Vector Slicer

VectorSlicer feature selection, which takes a feature vector and outputs a new feature vector with a sub-array of the original features. It is useful for extracting features from a vector column

Type

ml-transformer

Class

fire.nodes.ml.NodeVectorSlicer

Fields

Name

Title

Description

inputCol

Features Column

The features column name

outputCol

Output Column

The output column name

indices

Indices

comma seprated

names

Names

The output column name

Details

VectorSlicer is a transformer that takes a feature vector and outputs a new feature vector with a sub-array of the original features. It is useful for extracting features from a vector column.

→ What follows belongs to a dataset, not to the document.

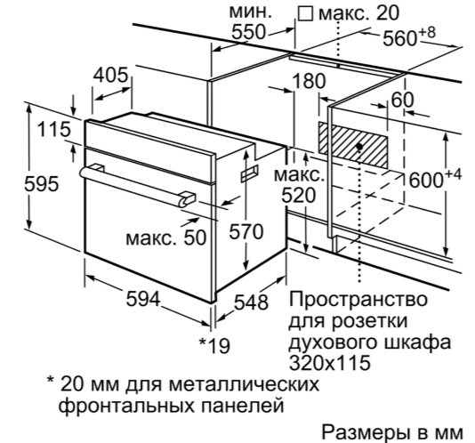 Схема встраивания 2 для духового шкафа Bosch HIJN17EB0R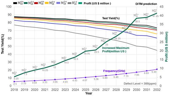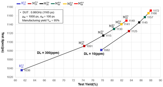 We considered the manufacturing progress together with product variation. We used data from Table 3 together with our DITM (model and formula). When we used OTA = 120 ps, DS = 1165 ps (traditional test methodology ), and TS = 1000 ps, we obtained Yt = 77.76% (set the test quality DL at 300 ppm,). As shown in Figure 10 and Table 3, applying multiplex testing (triple testing scheme) to the DUT under the same test conditions (DL = 300 ppm) could increase the yield from Yt = 77.76% () to Yt = 83.47% (). Following the above procedure to estimate the Yt for , we applied multiplex testing using the same values for TS (Ts = 1145 ps), which raised the yield from Yt = 77.76% () to Yt = 85.6% (). Over time, the use of traditional testing methods to test yield has shown ever-worsening results. However, we moved the TGB, changed the test conditions, and used multiplex testing to effectively improve the test yield. However, semiconductor manufacturers must contend with the slow advancement of testing technology. It will be extremely difficult to identify zero-defect products using IC tester that lag behind manufacturing technology [22,23,24,25,26,27,28]. For example, using traditional test methodology, to test DUT, TS = 1036 ps, limiting the DL to 10 ppm could obtain Yt = 63.10% (Figure 10 and Table 3). Next, we applied multiplex testing to the DUT under the same test conditions (DL = 10 ppm), which could increase the yield from Yt = 63.10% () to Yt = 82.95% ().

VectorSlicer accepts a vector column with specified indices, then outputs a new vector column whose values are selected via those indices.

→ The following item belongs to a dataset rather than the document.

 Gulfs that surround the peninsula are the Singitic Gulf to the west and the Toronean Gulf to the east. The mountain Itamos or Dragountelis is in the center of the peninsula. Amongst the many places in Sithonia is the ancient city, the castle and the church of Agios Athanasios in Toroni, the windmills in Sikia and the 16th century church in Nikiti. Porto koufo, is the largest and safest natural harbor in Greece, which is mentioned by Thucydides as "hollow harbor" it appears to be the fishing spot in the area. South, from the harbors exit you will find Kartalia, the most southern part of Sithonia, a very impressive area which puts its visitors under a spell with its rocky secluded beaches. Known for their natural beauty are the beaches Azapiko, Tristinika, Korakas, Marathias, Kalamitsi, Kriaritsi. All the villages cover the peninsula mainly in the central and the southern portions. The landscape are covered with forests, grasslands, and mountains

More details are available at : http://spark.apache.org/docs/latest/ml-features.html#vectorslicer

Examples

The below example is available at : http://spark.apache.org/docs/latest/ml-features.html#vectorslicer

import java.util.Arrays

import org.apache.spark.ml.attribute.{Attribute, AttributeGroup, NumericAttribute}

import org.apache.spark.ml.feature.VectorSlicer

import org.apache.spark.ml.linalg.Vectors

import org.apache.spark.sql.Row

import org.apache.spark.sql.types.StructType

val data = Arrays.asList(Row(Vectors.dense(-2.0, 2.3, 0.0)))

val defaultAttr = NumericAttribute.defaultAttr

val attrs = Array(“f1”, “f2”, “f3”).map(defaultAttr.withName)

val attrGroup = new AttributeGroup(“userFeatures”, attrs.asInstanceOf[Array[Attribute]])

val dataset = spark.createDataFrame(data, StructType(Array(attrGroup.toStructField())))

val slicer = new VectorSlicer().setInputCol(“userFeatures”).setOutputCol(“features”)

slicer.setIndices(Array(1)).setNames(Array(“f3”))

// or slicer.setIndices(Array(1, 2)), or slicer.setNames(Array(“f2”, “f3”))

val output = slicer.transform(dataset)

println(output.select(“userFeatures”, “features”).first())